I have just uploaded my new site and would like any comments and help to make it better.

I know that there is little in the way of content at the moment but I plan to build up a larger portfolio of work that I am truly happy with to display.

I am quite new to this but I really want experience. If anyone needs a photographer or photoshop operator within the North West of England send me an e-mail. I will work for FREE - my details are on my site

OWEN WASSELL PHOTOGRAPHY

Cheers


----------



## woodbox (Mar 6, 2009)

well your website is clean and simple - which is good.
but i would work on your text in the about! 
as for the gallery - if you let user scroll at list give them bigger images to see.


----------



## owen_wassell (Mar 8, 2009)

Thanks alot mate,

I see what you mean about the picture sizes. I guess they could do with being a little bigger. I will tidy up the about section as well.

Thanks again


----------



## modlife (Mar 25, 2009)

Try out the airtight simpleviewer to clean up your gallery. It looks good, but is annoying to have to scroll.


----------



## twozero (Mar 25, 2009)

modlife said:


> Try out the airtight simpleviewer to clean up your gallery. It looks good, but is annoying to have to scroll.
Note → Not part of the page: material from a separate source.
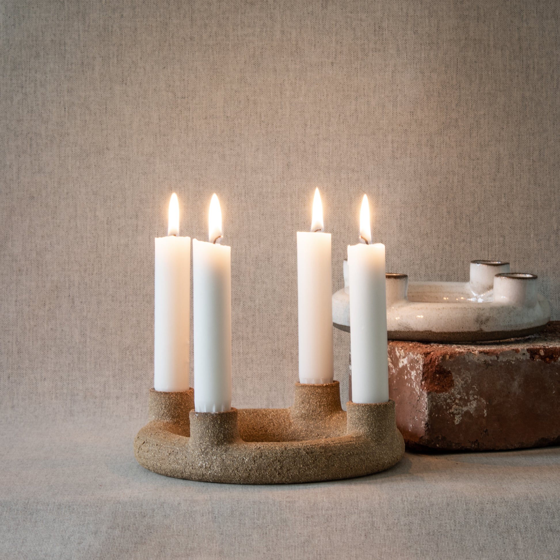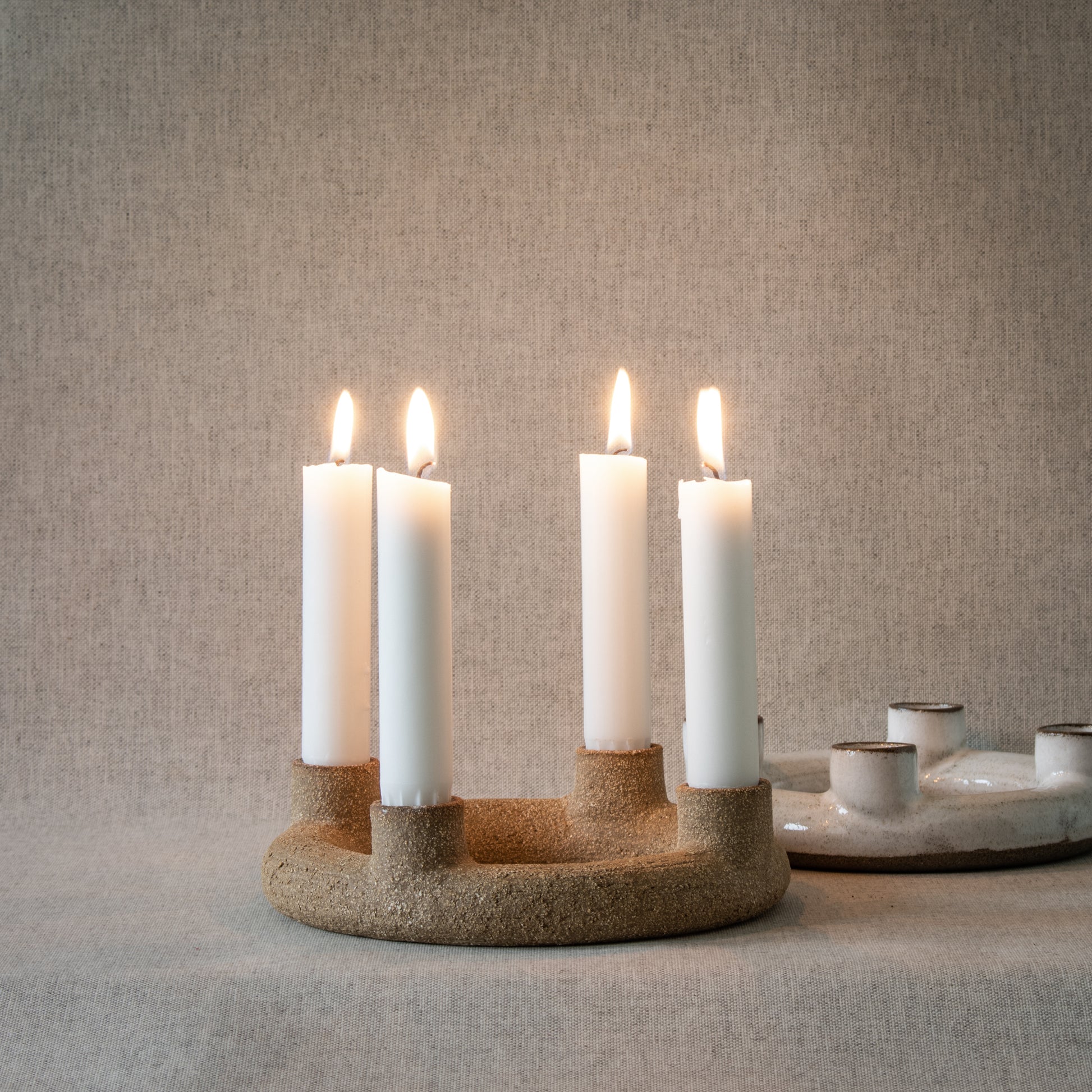 Ljusstake med hållare för 4 ljus, så att den blir en stilig adventsljusstake. Drejad i grå lera, glaserad i vit glasyr.

agreed. breaking the h-scroll isn't the best idea. as most people want to use their mouse/trackpad to scroll which limits them to vertical scrolling (not always, but most).

also, the using images for text (galleries & about) does not make for the best Search Engine Optimization. Where ever possible, use text. I know this will limit your choices of fonts, but it will be worth it. however, there are flash plugins/scripts to allow using "non-web safe" fonts.

IMO, the kerning on the galleries/about tags is way too tight. I am a fan of tight kerning but that is extreme.

I do, however, like you photos. I just wish they were a little bigger.


----------